What you will do ::
From the records below, output exactly the lines running from the line containing "彼女はその隙をつき、再び竜に向かって飛び込み、竜の全身を鎖で締め上げた。" through the line containing "serialchiller schreef:Even inpikken", and no others.

Dataset items ::
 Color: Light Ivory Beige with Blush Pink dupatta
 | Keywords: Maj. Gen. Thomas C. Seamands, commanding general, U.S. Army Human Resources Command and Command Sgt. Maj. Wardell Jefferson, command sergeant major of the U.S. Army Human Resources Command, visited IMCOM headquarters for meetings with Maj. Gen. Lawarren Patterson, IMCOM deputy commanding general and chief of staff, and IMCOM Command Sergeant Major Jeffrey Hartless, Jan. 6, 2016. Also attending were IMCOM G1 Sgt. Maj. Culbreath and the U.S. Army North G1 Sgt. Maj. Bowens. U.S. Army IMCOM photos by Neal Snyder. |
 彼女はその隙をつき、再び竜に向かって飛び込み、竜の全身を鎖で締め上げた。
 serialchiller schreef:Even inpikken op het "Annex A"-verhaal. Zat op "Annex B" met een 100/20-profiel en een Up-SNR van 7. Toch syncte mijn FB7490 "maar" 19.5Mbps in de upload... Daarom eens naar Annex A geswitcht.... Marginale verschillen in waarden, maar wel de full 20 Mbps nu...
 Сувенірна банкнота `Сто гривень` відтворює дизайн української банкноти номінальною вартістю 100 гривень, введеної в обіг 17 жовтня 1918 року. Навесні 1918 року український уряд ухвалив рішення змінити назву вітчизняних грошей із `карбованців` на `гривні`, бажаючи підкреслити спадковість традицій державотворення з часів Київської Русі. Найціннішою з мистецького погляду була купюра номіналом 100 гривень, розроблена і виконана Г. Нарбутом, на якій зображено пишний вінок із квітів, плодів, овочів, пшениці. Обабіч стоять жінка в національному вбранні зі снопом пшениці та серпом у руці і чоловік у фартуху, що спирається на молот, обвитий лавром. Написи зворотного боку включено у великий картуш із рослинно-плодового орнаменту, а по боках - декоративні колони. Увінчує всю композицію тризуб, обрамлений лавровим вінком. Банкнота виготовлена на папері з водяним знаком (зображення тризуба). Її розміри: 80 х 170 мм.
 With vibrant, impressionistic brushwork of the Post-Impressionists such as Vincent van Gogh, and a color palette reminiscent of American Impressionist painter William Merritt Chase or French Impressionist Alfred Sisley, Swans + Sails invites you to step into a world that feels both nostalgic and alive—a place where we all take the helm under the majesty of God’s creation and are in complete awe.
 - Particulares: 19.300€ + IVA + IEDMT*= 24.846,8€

Exercise answer ::
 彼女はその隙をつき、再び竜に向かって飛び込み、竜の全身を鎖で締め上げた。
 serialchiller schreef:Even inpikken op het "Annex A"-verhaal. Zat op "Annex B" met een 100/20-profiel en een Up-SNR van 7. Toch syncte mijn FB7490 "maar" 19.5Mbps in de upload... Daarom eens naar Annex A geswitcht.... Marginale verschillen in waarden, maar wel de full 20 Mbps nu...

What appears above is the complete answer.